We next examined whether the membrane stabilizers P188 and ext-P188 were also effective in protecting dystrophic skeletal muscle membranes. To do so, we used isolated flexor digitorum brevis myofibers from mdx mice, as well as iPSC-derived skeletal myotubes from mdx:utrn–/– mice as they provide an in vitro model where both dystrophin and its compensatory homolog utrophin are absent, making it a closer functional mimic to DMD. The iPSC-derived model was used for procuring mdx:utrn–/– myotubes as isolation of myofibers from these mice is technically challenging. Acutely isolated single FDB fibers from mdx mice, and iPSC-derived myotubes from mdx:utrn–/– mice were then subjected to hypo-osmotic stress and assessed for LDH release (Figure 2a,b). P188 (150 µmol/l) significantly decreased the release of LDH (~65% decrease compared to nontreated, *P < 0.05).
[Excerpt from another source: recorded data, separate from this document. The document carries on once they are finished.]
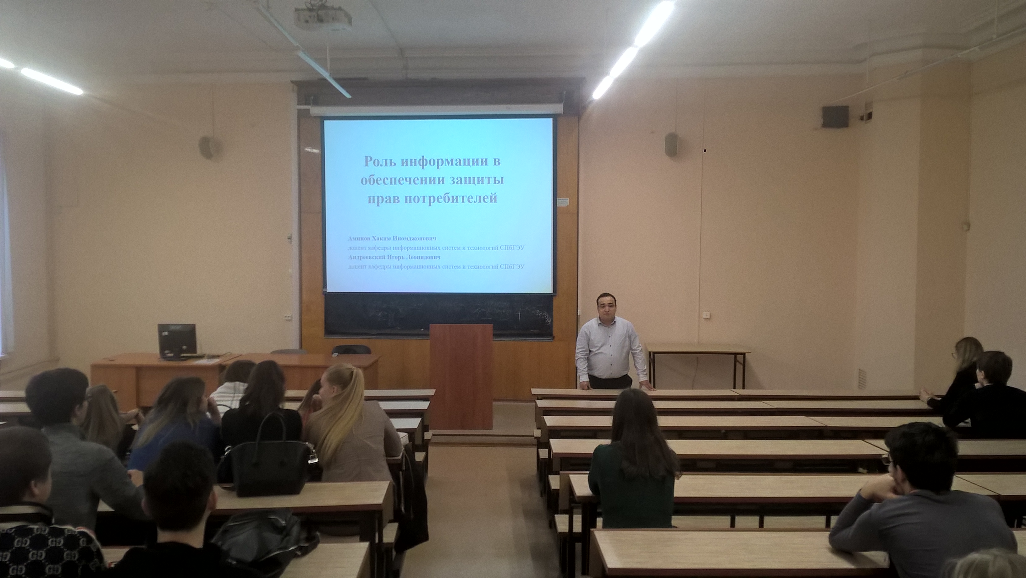 27 сентября 2019 г. в рамках молодежного дня Международной научно-практической конференции «Национальная концепция качества: государственная и общественная защита прав потребителей» преподавателями кафедры информационных систем и технологий, доцентами Аминовым Х.И. и Андреевским И.Л., был проведен мастер-класс для студентов направлений подготовки «Бизнес-информатика» и «Управление качеством» на тему: «Роль информации в обеспечении прав потребителей».
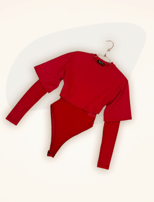 Vibrant red layered bodysuit with a sleek cropped top overlay for a modern, high-impact contoured silhouette.
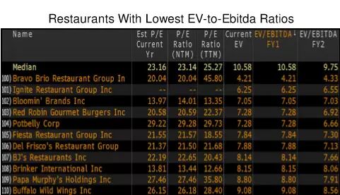 潜在的餐饮并购目标可能会是休闲餐饮连锁企业。自衰退出现之后,它们的表现落后于整个餐饮产业,客流明显减少,增长潜力受到限制。Bravo Brio、Ignite、Bloomin'、Red Robin、el Frisco's、BJ's和Brinker的“EV-Ebitda”(企业估值对比未计利息、税项、折旧及摊销前的利润)倍数低于8倍,再看近几年来企业连锁的并购记录,倍数介于8-10倍。尽管如此,它们缺少真正的资产,也无法创造足够大的协同机会,很难吸引潜在买家。
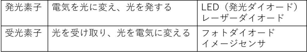 光半導体は発光素子と受光素子の二つに分類され、それぞれの機能は以下のようになります。
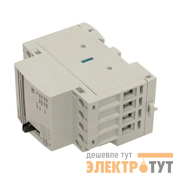 Модульные контакторы представляют из себя контактор в классическом корпусе модульного оборудования. Он состоит из неподвижных контактов, подвижных контактов, которые закреплены в подвижной части магнитной системы. Неподвижная часть магнитной системы закреплена жестко в корпусе КМ. Пружина препятствует смыканию контактов. При подаче напряжения на катушку управления в магнитной системе контактора возникает магнитное поле, которое, преодолевая сопротивление пружины, смыкает магнитную систему и замыкает контакты. При отключении напряжения с катушки управления пружина размыкает контакты. Возможна коммутация алюминиевым и медным проводом.
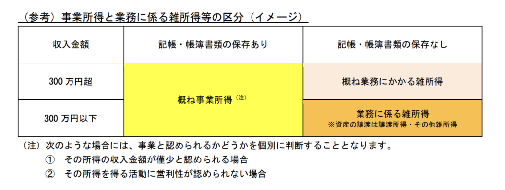 また、記帳・帳簿書類を保存していない場合は、基本的に雑所得の扱いになります。
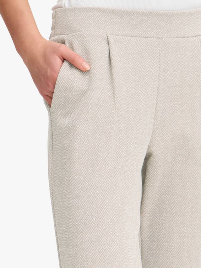 Выдерживают частую носку благодаря прочной ткани с жаккардовым узором елочка, укорочены по щиколотку.
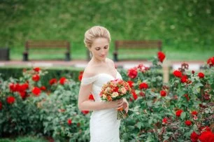букет, букет невесты, жених и невеста, невеста, платье, свадебное платье, прогулка
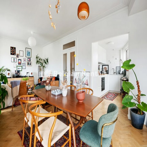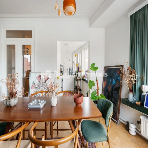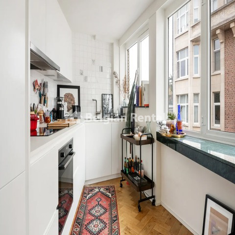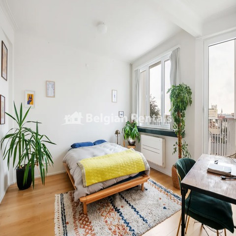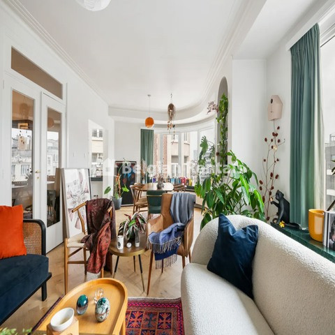 This bright apartment on the 7th floor was completely renovated in 2018. Through the large entrance hall, you walk directly into the spacious living room with an integrated dining room on a beautiful new solid wood herringbone parquet. Here, the large windows, finished with beautiful green marble edges, immediately stand out. Adjacent, you will find the modern kitchen, which is fully equipped and includes a refrigerator, separate freezer, oven, induction hob, and extractor hood. In the current layout, we find 1 spacious bedroom, part of which is used as an office space, making the apartment perfect for those who want to work from home. Off this bedroom, there is also a very nice and private terrace with a view. The bathroom is stylishly decorated with a comfortable walk-in shower and a washbasin. Furthermore, there is a separate guest toilet with a hand washer adjacent to the entrance hall, and a handy small room that serves as a cloakroom. A private basement storage provides more than enough storage space.
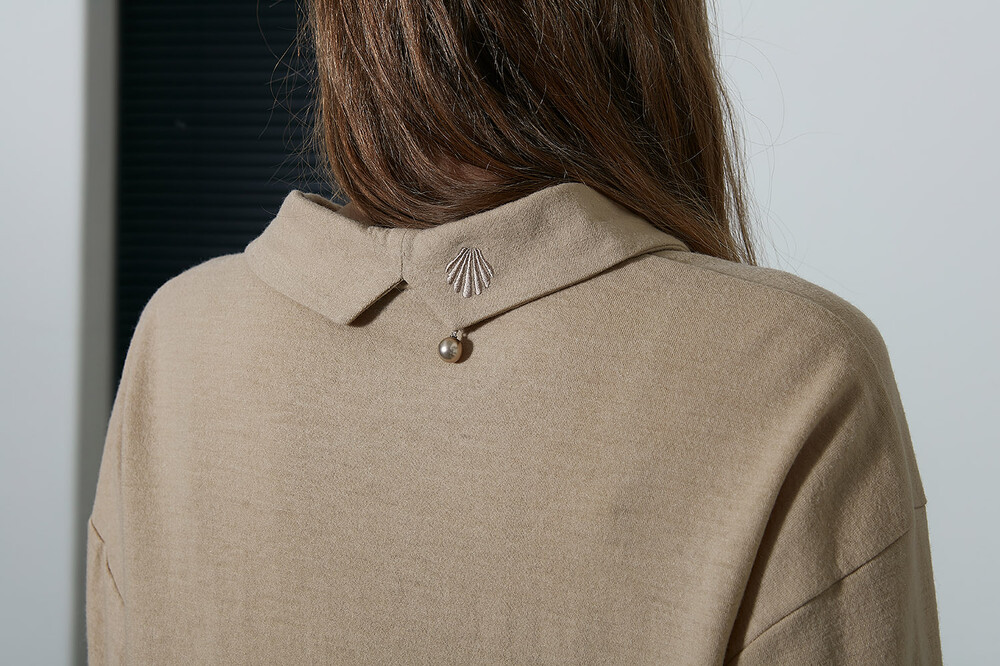카라 뒤쪽 트임을 주어 조개 자수와 진주단추로 위트있는 디테일을 추가하였습니다.
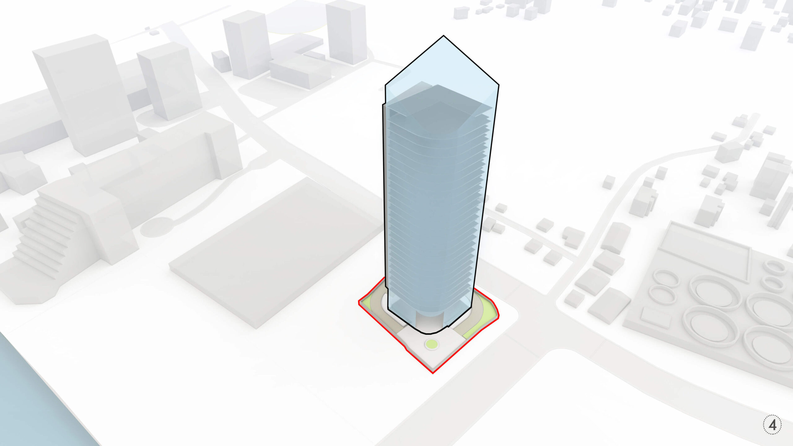The Commercial Tower is located in Lulla Nagar, which is one of the prime and upcoming localities in Pune. The prime location of the site with a few developed and developing lands adjacent to it increases its importance in the locality. The massing and orientation of the building are done with respect to the site and climatic parameters, with western and southern exposure to natural daylight and an interplay of louvered facades to maximize views. The planning of the commercial tower is simple, with an aim to accommodate maximum office and retail spaces along with public parking in one narrow plot with enough exposure on each side.
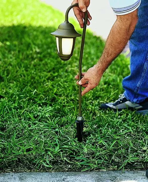 Imagen de primer plano de una persona instalando una luminaria de iluminación de paisaje al empujar la estaca en el césped, parte de la planificación de ideas de iluminación de jardines.
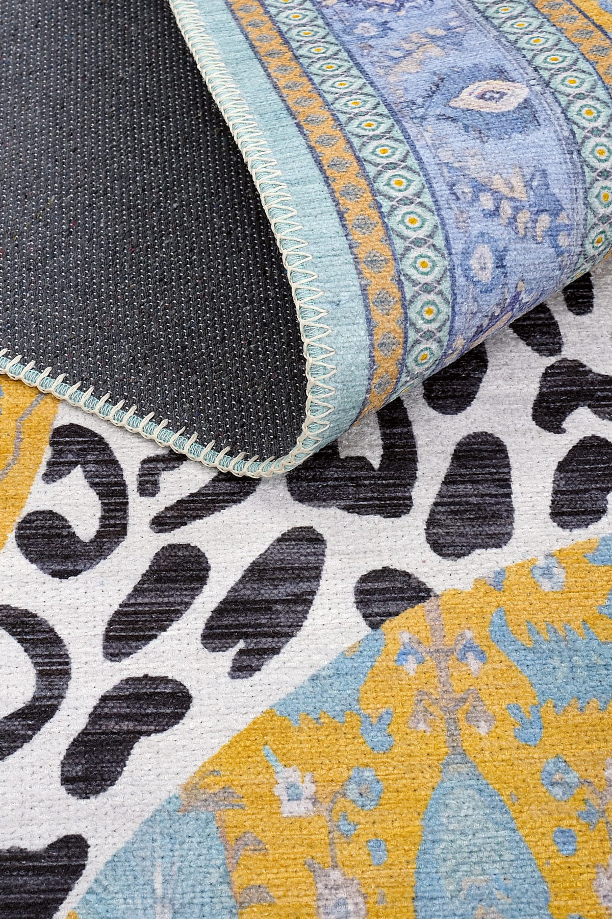 - Jagora JGR 400, geleneksel motifli zemin üzerine yerleştirilmiş çarpıcı leopar silüetiyle öne çıkan, sanatsal ve cesur bir halı tasarımıdır. Vintage sarı tonları, lavanta grisi ve açık mavi detaylarla harmanlanan bu halı, hem klasik hem modern tarzlara göz alıcı bir denge sunar. ;

Moreover, ext-P188 was again highly protective at a lower dosage, with 1 µmol/l ext-P188 showing a similar extent of protection as 150 µmol/l P188 (P = 0.49) and protection extending even to a lower 0.1 µmol/l concentration.

Figure 2.

Figure 2

Membrane stabilizers P188 and ext-P188 decrease hypo-osmotic stress-induced release of LDH in dystrophic myofibers and myotubes in vitro. (a) Isolated mdx flexor digitorum brevis (FDB) myofibers and (b) double knockout (mdx/utr –/–) myotubes were subjected to hypo-osmotic stress and lactate dehydrogenase (LDH) release was assessed in the absence (nontreated) or presence of increasing concentrations of P188 and ext-P188. Data presented as % LDH release normalized to total LDH release from nontreated. *P < 0.05 via one-way analysis of variance compared to nontreated group. Mean values are derived from at least three independent experiments with three to four wells of 20–30 isolated mdx FDB myofibers or densely cultured mdx/utr –/– myotubes per experiment. Error bars shown as mean ± standard error of the mean.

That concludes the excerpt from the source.